Seminar Speaker: Dr. K. Leslie Gilliard-AbdulAziz, University of California

Biography: Dr. Kandis Leslie Gilliard-AbdulAziz is the Pasqual and Adelina Early Career Chair in Civil and Environmental Engineering. She joined the USC faculty in January 2024. Before joining the Viterbi School of Engineering, Dr. Gilliard-AbdulAziz was an Assistant Professor of Chemical and Environmental Engineering at the University of California, Riverside, where she directed the Sustainable Lab at the University of California, Riverside, between 2018 – 2023. She earned her Ph.D. in Chemistry from the University of Illinois at Urbana-Champaign in 2017 and was a Provost postdoctoral fellow at the University of Pennsylvania from 2017-2018. She worked previously as a Forensic scientist for the Philadelphia police department and as a Refinery chemist at Sunoco Chemicals in Philadelphia. She currently directs the Sustainable Lab, which primarily focuses on developing novel materials for sustainable catalytic processes for low-carbon chemical production. Her primary research focus is novel materials development for CO2 sequestration and utilization using an interdisciplinary toolset from bioengineering, chemistry, material science, chemical, and environmental engineering. Dr. Gilliard-AbdulAziz is the recipient of several awards and recognitions, including the Material Science of Extreme Environments Young Investigator Award (2022), the National Science Foundation Career Award (2022), the Department of Energy Early Career Award (2023), and the Sloan Research Fellowship (2024).

Title: “How to make Carbon Capture Smarter: A Deep Dive into Materials Chemistry for Integrated Carbon Capture and Utilization”

Abstract: The conventional carbon capture and utilization (CCU) process involves separating CO2 from waste streams, transporting it through a pipeline, and then converting it into fuels and chemical commodities. On the other hand, Integrated Carbon Capture and Utilization (ICCU) or thermocatalytic reactive capture offers a more efficient approach with lower energy requirements. This method directly transforms captured CO2 into methanol, synthesis gas, and carbon monoxide.
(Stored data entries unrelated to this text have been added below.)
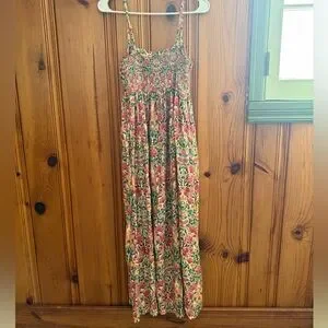 ❤️Natural Life Pink Green Cream Floral Maxi Dress with pockets
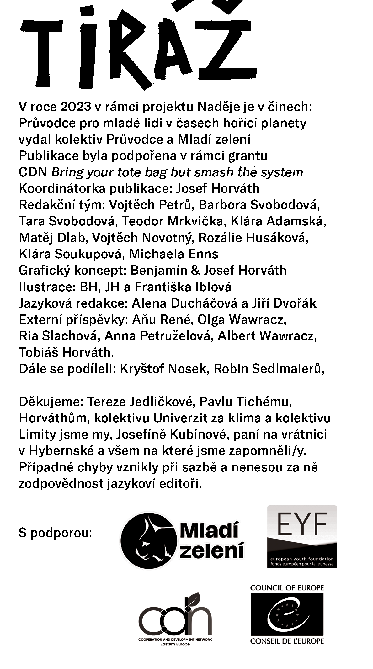 Mladí zelení a Kolektiv Průvodce vydalx v rámci projektu Naděje je v činech publikaci s názvem: Průvodce pro mladé lidi v časech hořící planety. Protože se více jak polovina mladých lidí potýká s pocitem smutku či úzkosti ze změn klimatu, rozhodlx jsme se zkusit propojit alespoň pár z nich, a to jak z různých českých aktivistických skupin, tak i mimo ně a vytvořit sborník článků (odborných či beletristických, popisující osobní zkušenost či tvořené příběhy jiných lidí) a výtvarných vstupů (ilustrace, fotografie) na téma klimatického žalu a jeho konstruktivního zpracování.
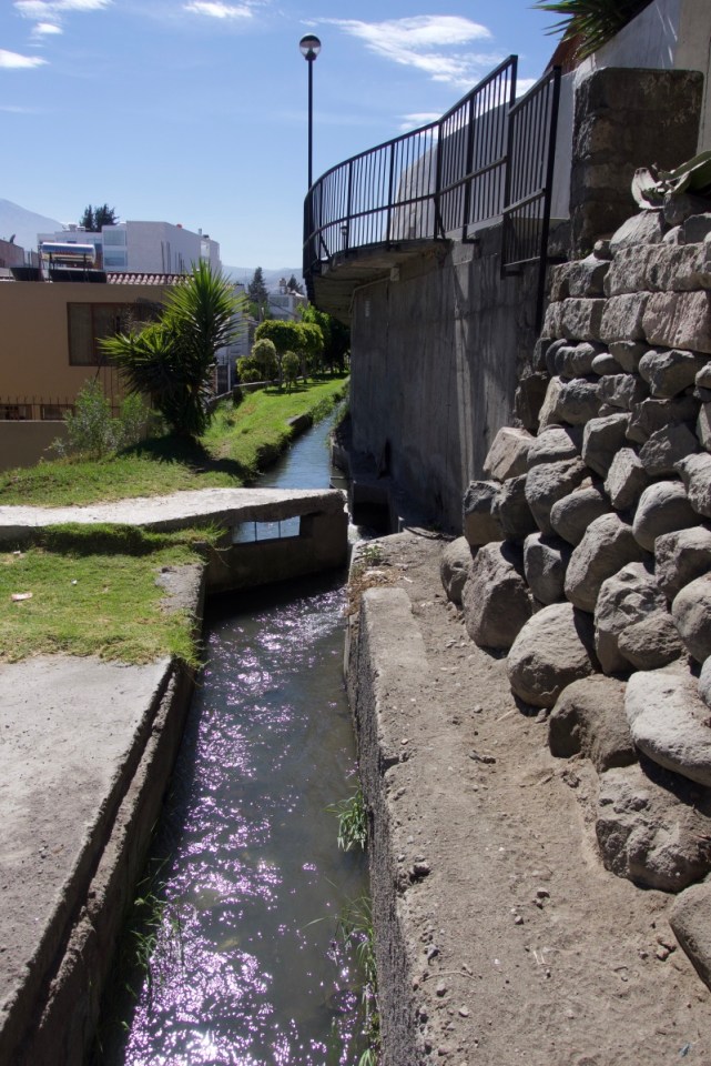 Though this one is smaller, on the other side of the river one can see acequias 8 feet wide and 4 feet deep with fast-flowing irrigation water.
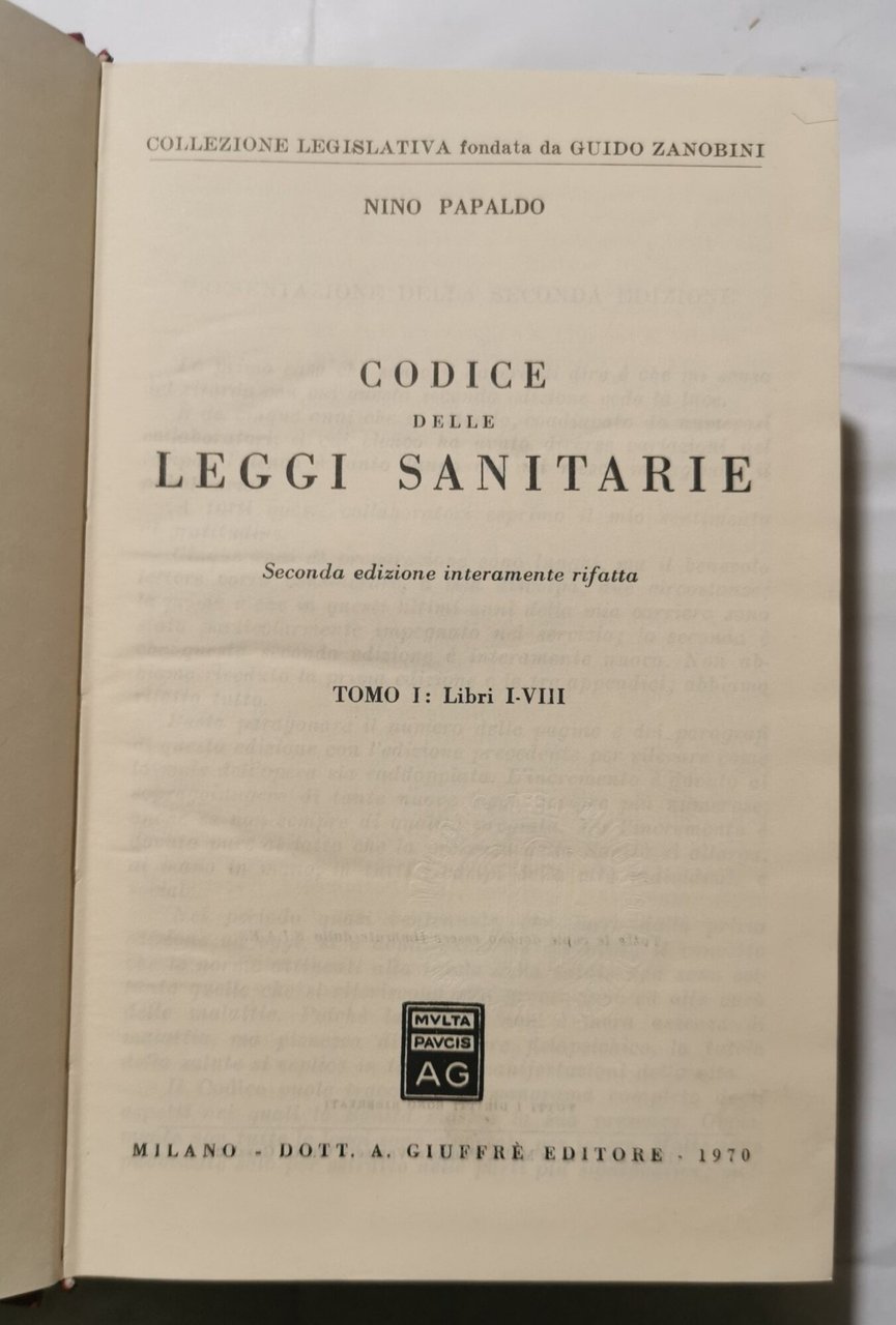 Codice delle leggi sanitarie - Tomo I libri I- VIII
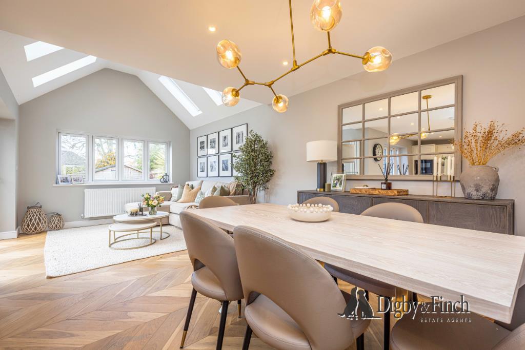 The dining area naturally connects the kitchen to the sitting area, which is designed as a delightful garden room. This space is enhanced by a vaulted ceiling and an abundance of natural light, with bifold doors opening onto the patio and additional glazing overlooking the garden, creating a seamless indoor-outdoor connection.
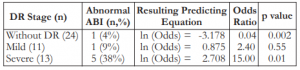 Our data showed that patients with no diabetic retinopathy have lesser probability of having an abnormal ABI score (p = 0.002). The odds ratio of 0.04 meant that patients diagnosed with diabetic retinopathy were (inverted odds) 23.8 times more likely to have an abnormal ABI score than those who have no diabetic retinopathy. On the other hand, severe diabetic retinopathy has a significant relationship with ABI score (p = 0.01), where patients were 15.0 times more likely to have an abnormal ABI score than those who have milder forms of diabetic retinopathy. The presence of mild diabetic retinopathy has a smaller effect (p = 0.55) on the occurrence of an abnormal ABI score, where the likelihood was 2.4 times as compared to the no diabetic retinopathy group (Table 2).
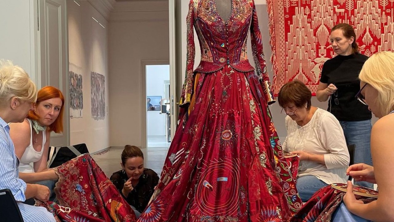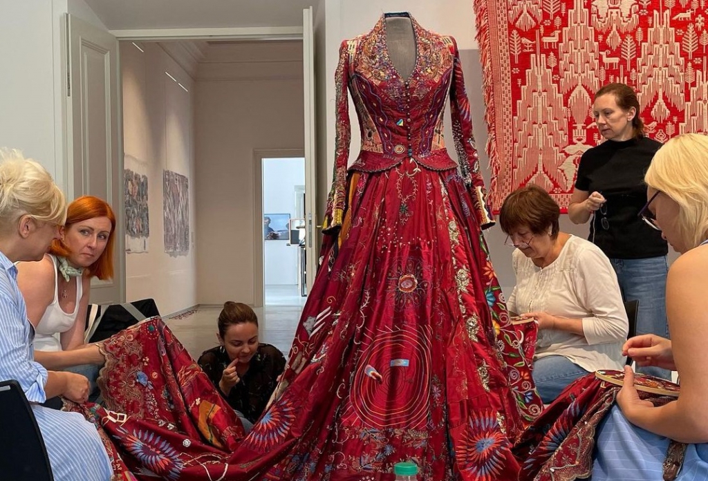 46 országból összesen 343-an vettek részt az úgynevezett „Red Dress”, azaz „Vörös Ruha” projektben. Megálmodója, Kirstie Macleod szerette volna, ha egy ruhakölteményen egyesülnek a különböző identitások, kultúrák, hagyományok. 84 darab bordó selyemszövetből áll, ezeket hímezték ki a világ minden táján élő kézművesek Egyiptomtól Mexikón át egészen Japánig.

At the heart of an ICCU scheme are dual-functional materials comprised of a catalyst affixed to a solid sorbent, enabling the selective capture and conversion of CO2 within the same reactor. This seminar will delve into efforts to enhance these materials, beginning with the example of Zr-modified Ni/CaO DFMs, which exhibit improved CO2 capture and conversion capabilities. Additionally, there will be a discussion on multifunctional materials such as self-regenerative Ni-doped CaTiO3/CaO nanocomposites, explored for CO2 capture and subsequent dry reforming of methane (ICCDRM). These materials have demonstrated stable CO2 capture capacity and syngas productivity over multiple cycles, with reduced coke deposition due to small exsolved Ni nanoparticles and their strong interaction with the host material.